Most of us tend to lessen the importance of stress as a factor in our health, yet recent statistics from the American Institute of Stress show that stress ins America's number one health problem. In fact, 43% of all adults suffer from stress related adverse health effects, 79-90% of all visits to primary care physicians are related to stress induced complaints or disorders, and there are 1million absent workdays every day with stress related complaints.
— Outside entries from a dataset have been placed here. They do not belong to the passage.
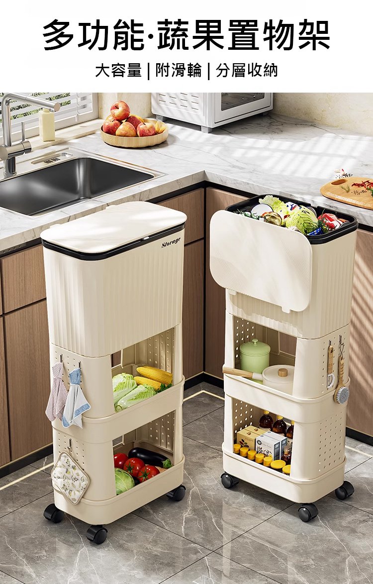 12分鐘前【不彎腰】家用可移動多功能置物垃圾桶 - 【超殺*贈20垃圾袋】1入組$279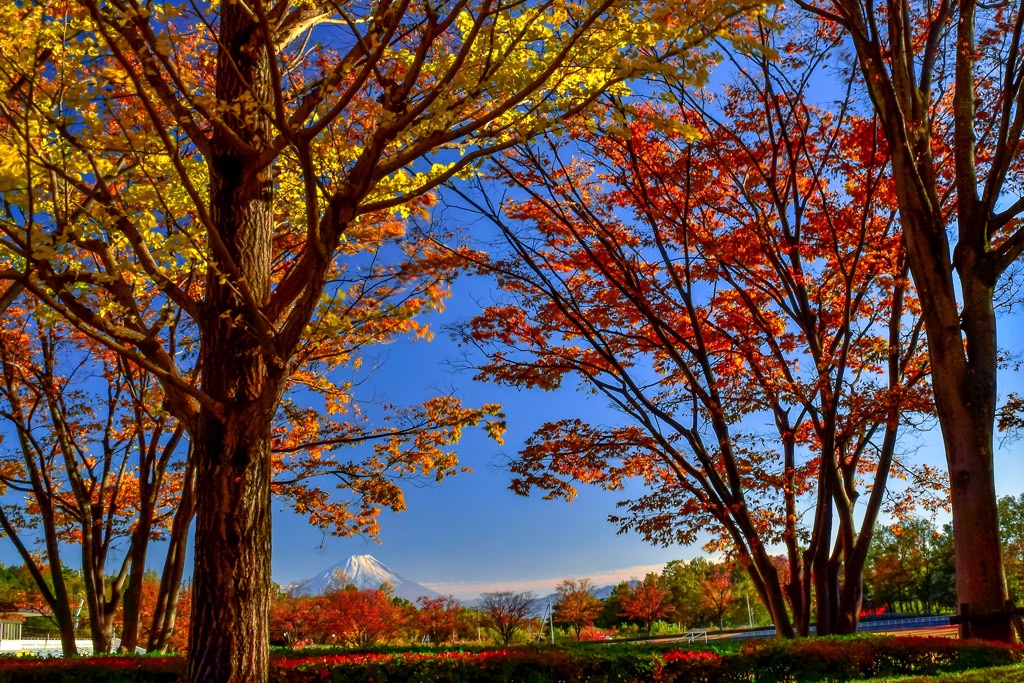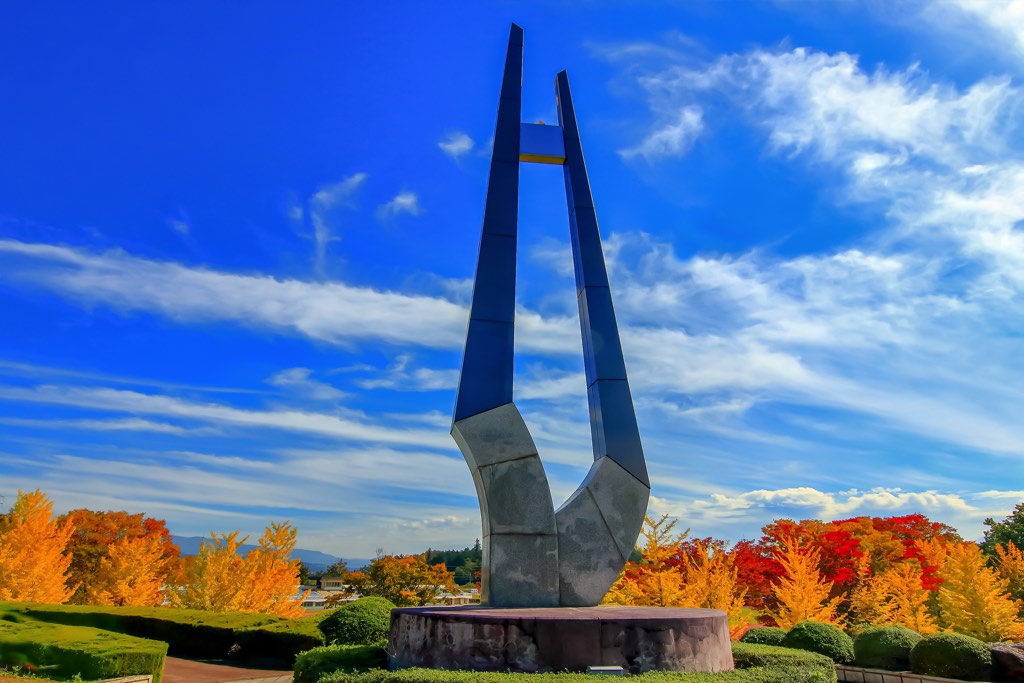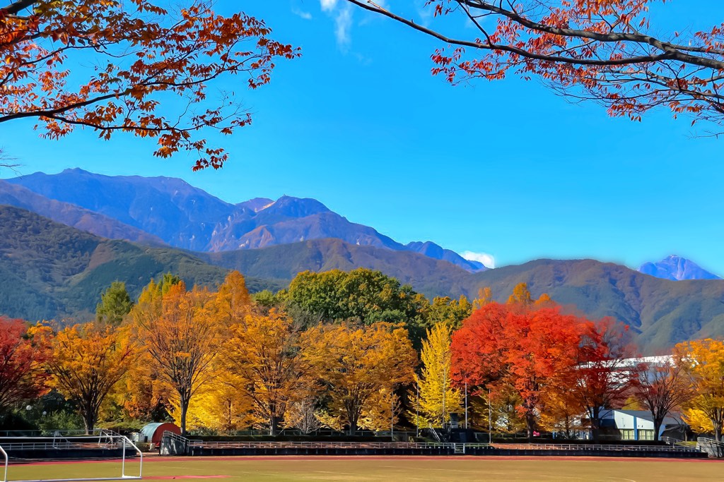 韮崎中央公園といえば、園内に蒸気機関車や電気機関車、巨大カブトムシのオブジェがあることや、春から秋にかけてはミニSLも運行していることで、子どもの絶好の遊び場として大人気。園内遊歩道の敷地が広く散歩コースとして利用する人も多く、老若男女に愛されている。中でも、黄金色に美しく染まったイチョウ並木が10月下旬から見頃を迎え、秋一色に染まる。休日は家族でテイクアウトをしてピクニックをしながら過ごしてみては。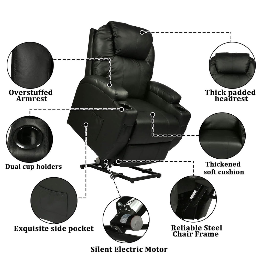 - This adjustable lift electric recliner chair comes with 4 areas of massage (shin, thigh, lumbar, head) and 5 modes (pulse, press, wave, auto, normal), meeting all your demands for different massages.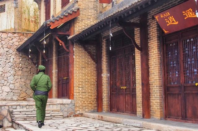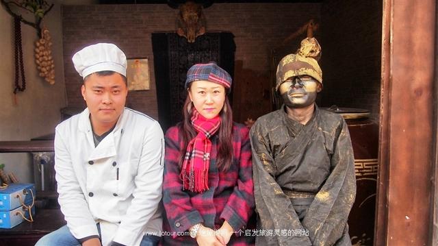 一直站在轿夫身下的铜人是初初来到民俗村就发现的惊喜,我凑上去观察了很久,铜人的妆发精致得以假乱真,只有眼睛里能看出一丝温度。尽管如此,他保持着高傲的职业素养,绝不在人前眨眼喘粗气,目视前方且纹丝不动,一时间让很多人信以为真。凑上去拍照,不敢靠近,生怕在按快门的瞬间,他望向我或是对我说话,那,我会瞬间崩溃。结果很遗憾,高傲如他,却望向了镜头,呈现出了和我合照的状态,破功!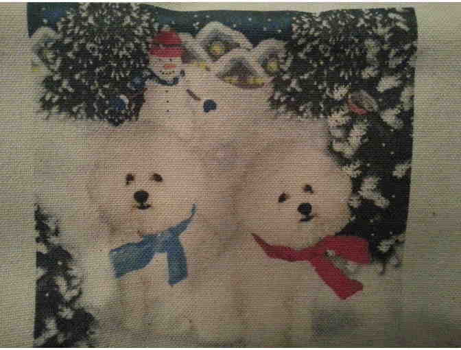 Cute bichon winter scene lunch bag with handle.Canvas Lunch Bag with Strap Handle 100% cotton canvas sack and strap12.5" x 8"x 5.5" canvas Roll to close with secure velcro Phthalate, BPA and Lead-Free Machine Washable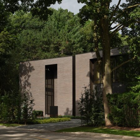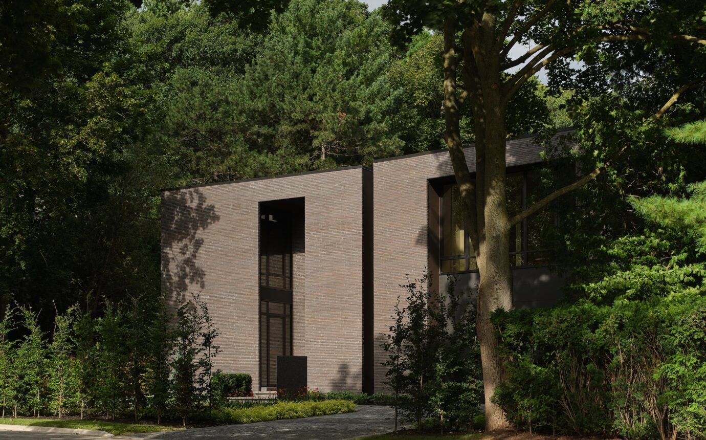 The house’s design not only addresses the site’s complexities but celebrates them, with its northeast corner oriented toward a three-story-high forested hill that inspired the layout of the rear yard, complete with a serene swimming pool, cabana and sweeping forest views. “I’m a big believer in sacred geometry,” says RZLBD. To further blend the home with its surroundings, the architect selected a dark, earthy material palette—handmade brick with subtle imperfections, coarse stucco, and anodized aluminum—lending the home a modern yet timeless quality. “It feels rustic and natural, as though it has always been part of the landscape,” adds RZLBD.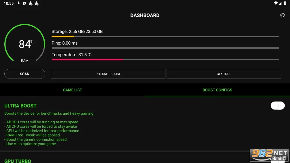 BoosterX2026最新版本具有诸多特色。它能显著提升游戏体验与流畅度,界面设计美观且操作步骤简单易懂。可对手机进行全面优化,助力其更好运行。提供加速器、清理器和优化器等功能,方便用户管理手机。还具备硬件监控功能,能监测CPU、GPU、内存等硬件状态与性能,确保最佳运行状态,减少输入延迟。输入延迟检测功能可测量各类输入设备与系统间的延迟时间,对快速响应要求高的玩家至关重要。此外,能提供系列工具和设置优化系统性能,在多种活动中让用户获得更好体验。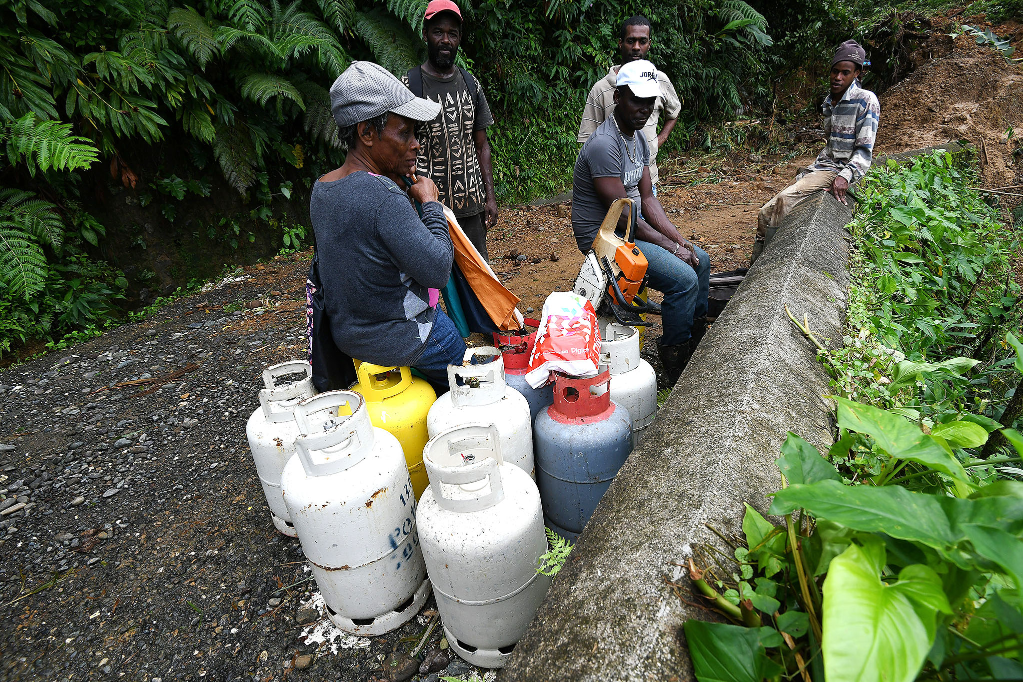 With the Petcom truck scheduled to do its regular delivery and pick-up yesterday, businessman Errol Harris took the necessary action to ensure that his cooking gas customers would not be left in the cold. Hiring a taxi to take 12 empty gas cylinders from Barracks to the blocked road, he was assisted by residents who volunteered to risk the slippery and treacherous pathway to get the containers over to the Barry Hill side.

Children are also adversely affected.  Since September 11, The New England Journal of Medicine reports that 47% of parents interviewed report that children have become anxious about their own personal safety or the safety of their family.

 In normal conditions, stress is a good thing.  It enables us to deal with potentially life threatening situations with greater physical and mental energy.  However the world in which we live is anything but normal, and stress has become a way of being.  We are exposed to environmental toxins, watch horrors on the evening news, drive during rush hour, deal with unpleasant people, are exposed to constant noise, live in chronic unknowing of the future, and on and on.  In reality, none of this can be easily avoided.

In the initial stages of stress, many different symptoms may arise.  Anxiety, agitation, restless sleep, elevated cholesterol, high blood pressure, loss of sexual desire, depression, memory loss, digestive disorders, obesity, bone and muscle loss, skin disorders, substance abuse, and kidney problems are a few of the disorders that may occur.

As stress progresses and becomes more chronic, we simply burn out. Fatigue, inability to perform normal tasks, inability to cope, chronic pain, thyroid problems, and even allergies, asthma and heart attacks can occur.

Yet, all of these problems need not be our fate.

On March 23, 2002, I will be giving an in-depth seminar on how to use simple nutritional supplements,  herbal remedies, and physical and mental exercises to strengthen our body's resistance to stress, that is, to make it more adaptable to the world in which we live. 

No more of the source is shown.